● **EXERCISE AIM**: What the response needs is every record, repeated verbatim, and no images.

=== DATA RECORDS ===

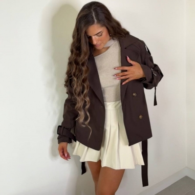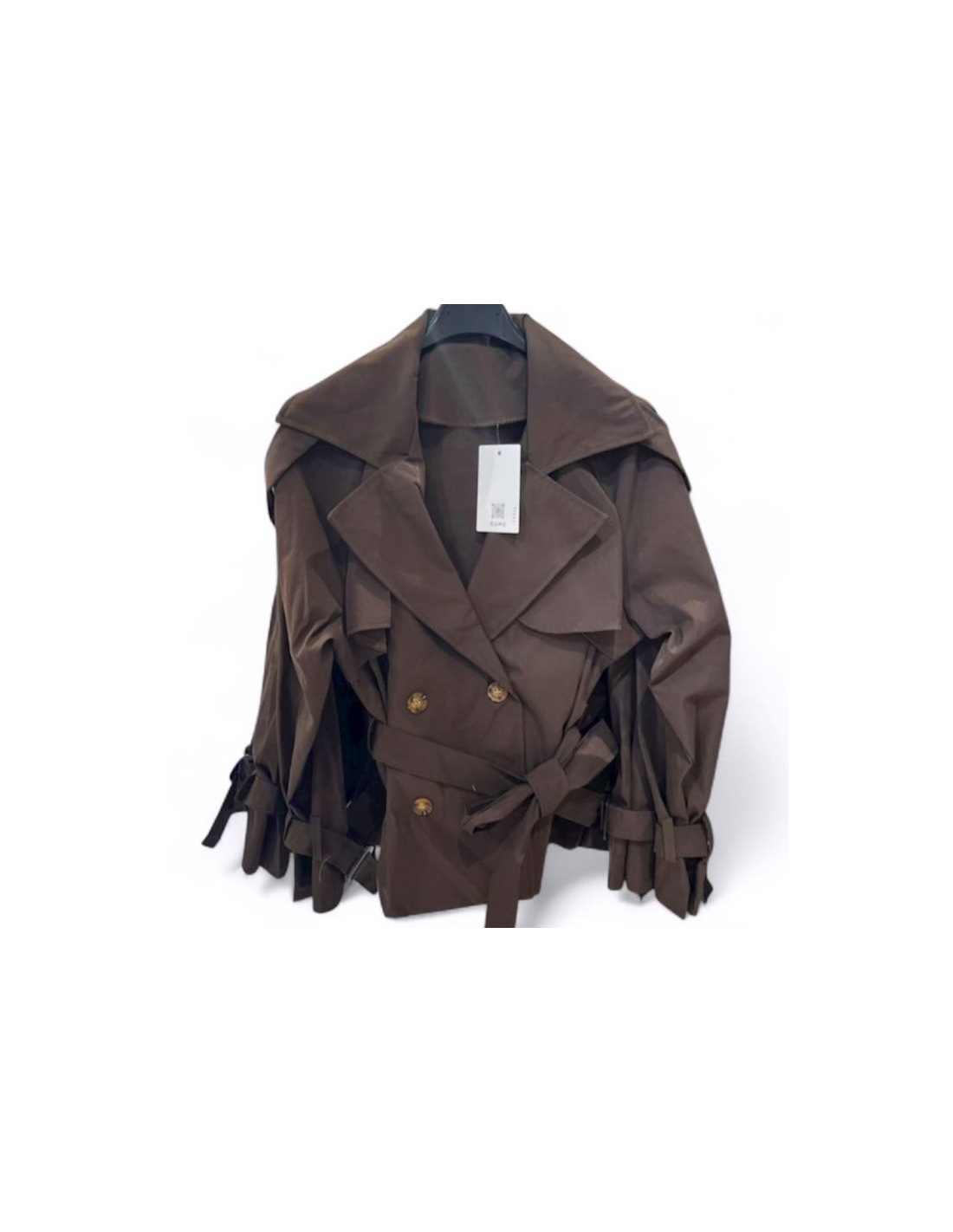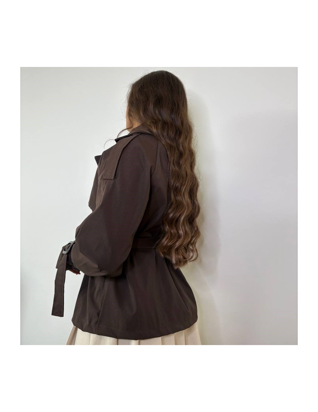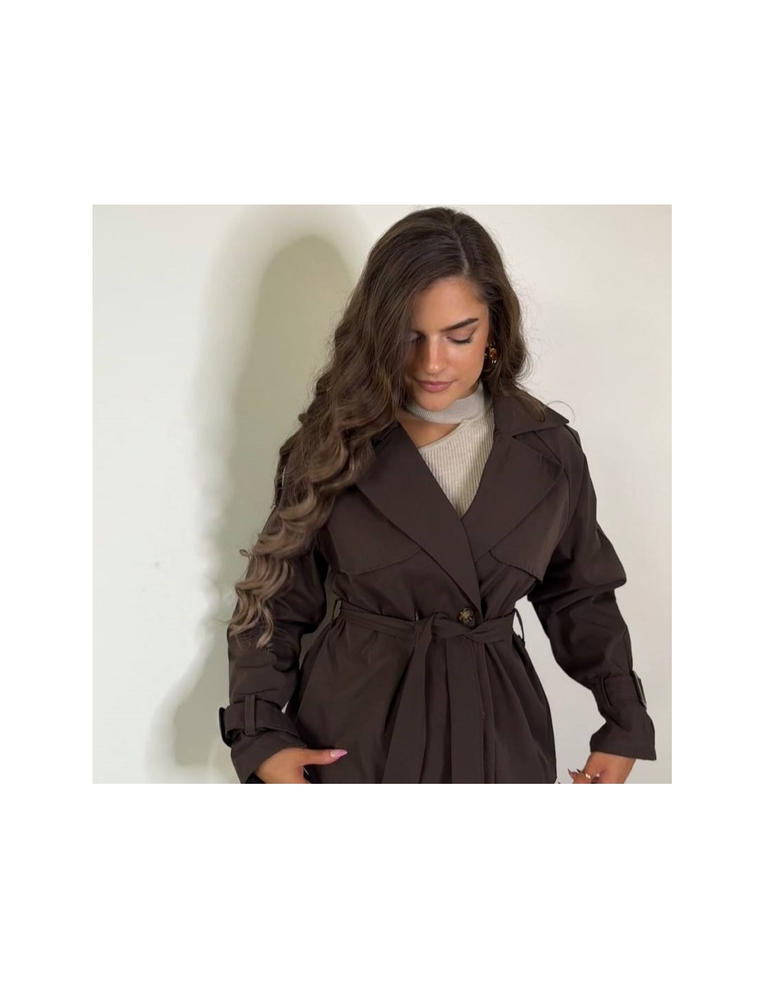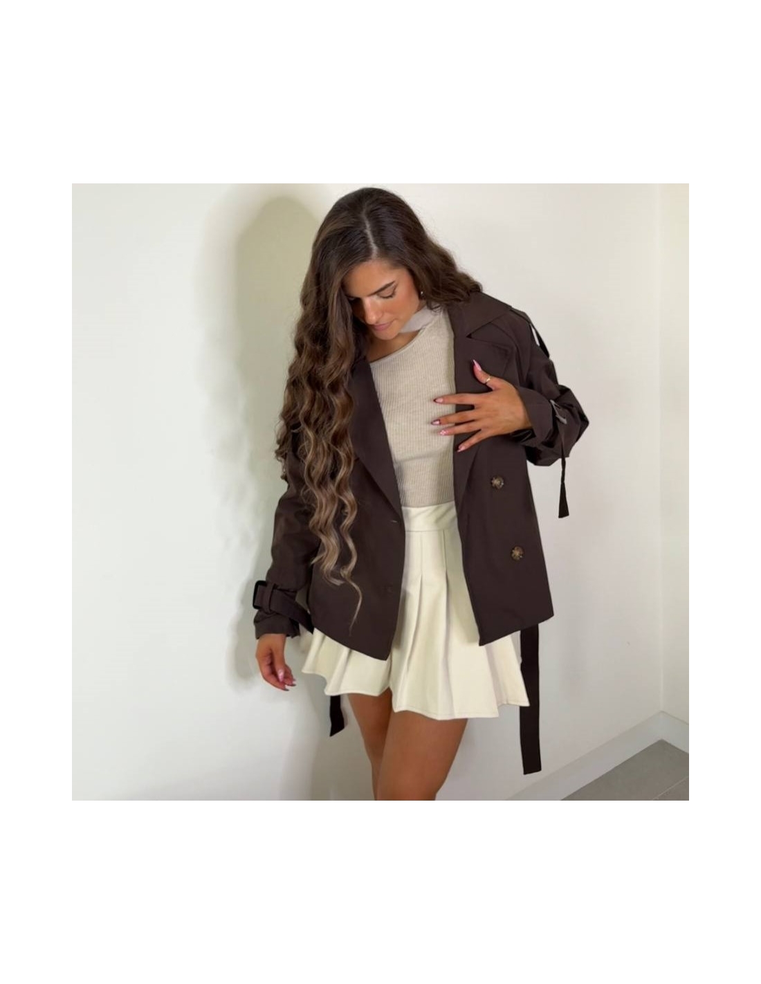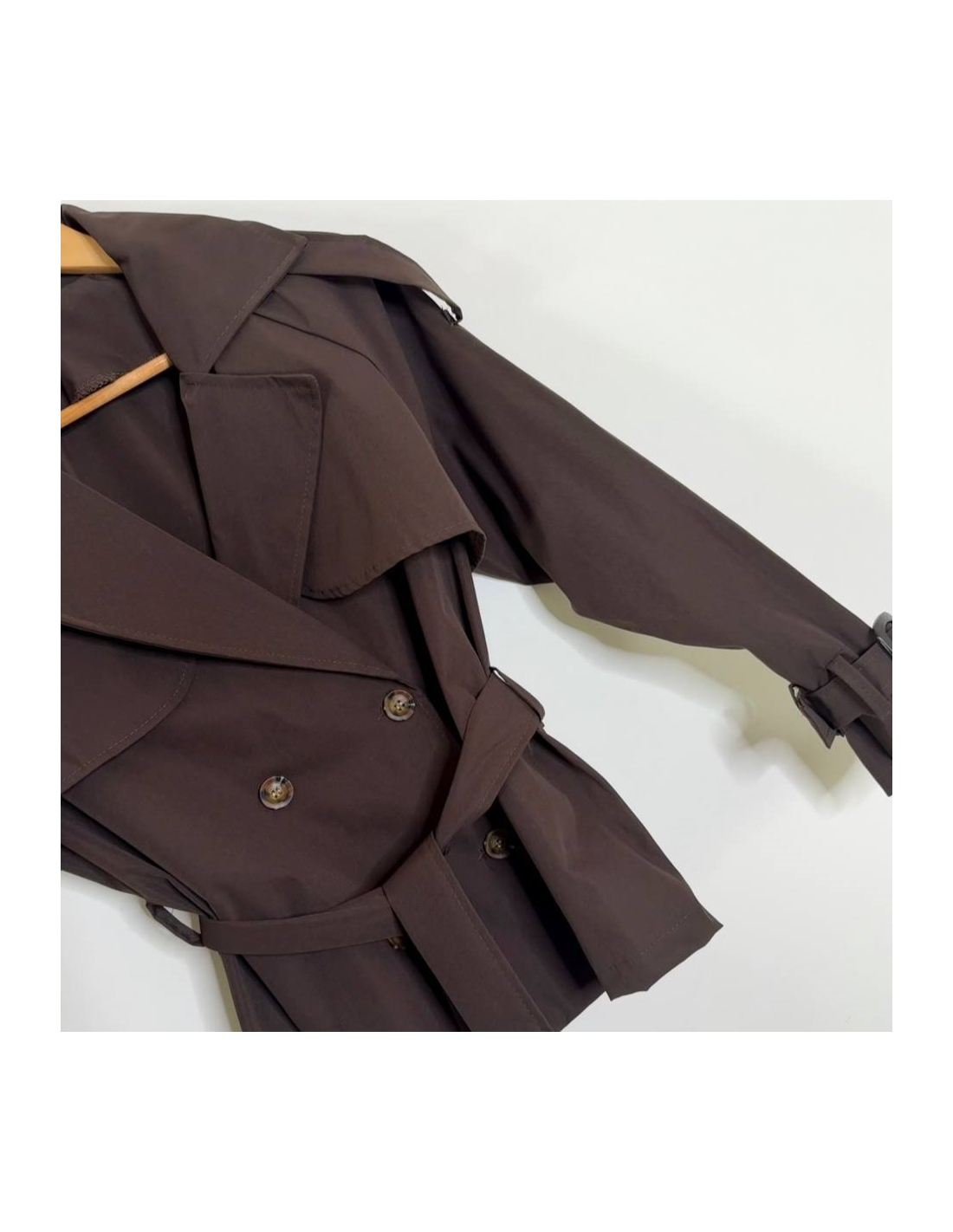Gabardina corta en tono choco. Cierre delantero abotonado. Cuello de solapa. Muñeca regulable. Talla única
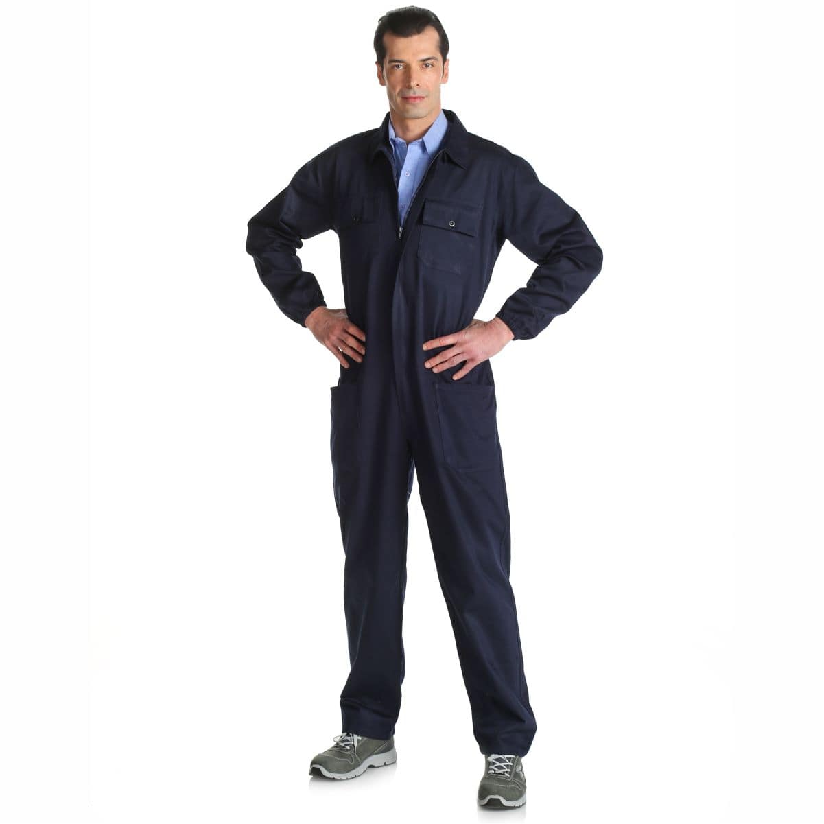 Tuta da lavoro dal taglio classico.
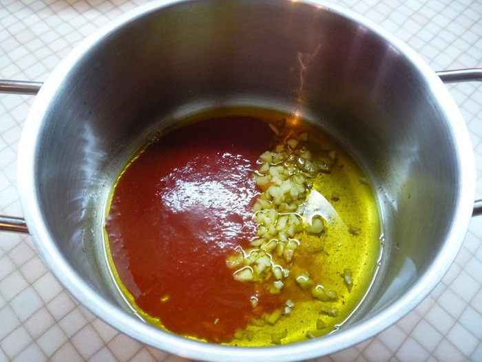 В кастрюлю с толстым дном наливаем растительное масло и разогреваем его. Добавляем куркуму, мелко нарезанный имбирь, томатную пасту и обжариваем 1 — 2 минуты.
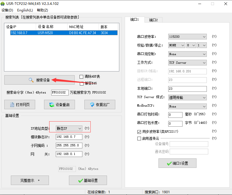 4.修改服務器地址和端口--->端口1設置--->設備重啟。這里填寫的為我自己服務器的ip,端口為臨時創(chuàng)建的端口,用戶在使用時不可以依照次ip與端口來進行配置,需要連接自己服務器的ip與端口。
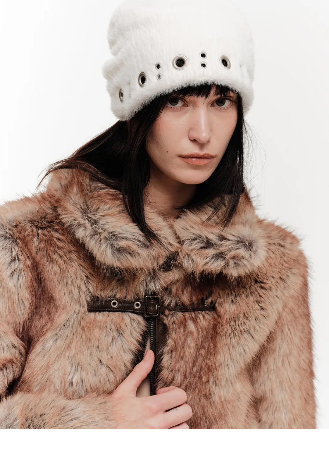 CRUCIA FUR HOODIE ZIP UP (IVORY)

===

● **EXERCISE ANSWER**:
Gabardina corta en tono choco. Cierre delantero abotonado. Cuello de solapa. Muñeca regulable. Talla única
 Tuta da lavoro dal taglio classico.
 В кастрюлю с толстым дном наливаем растительное масло и разогреваем его. Добавляем куркуму, мелко нарезанный имбирь, томатную пасту и обжариваем 1 — 2 минуты.
 4.修改服務器地址和端口--->端口1設置--->設備重啟。這里填寫的為我自己服務器的ip,端口為臨時創(chuàng)建的端口,用戶在使用時不可以依照次ip與端口來進行配置,需要連接自己服務器的ip與端口。
 CRUCIA FUR HOODIE ZIP UP (IVORY)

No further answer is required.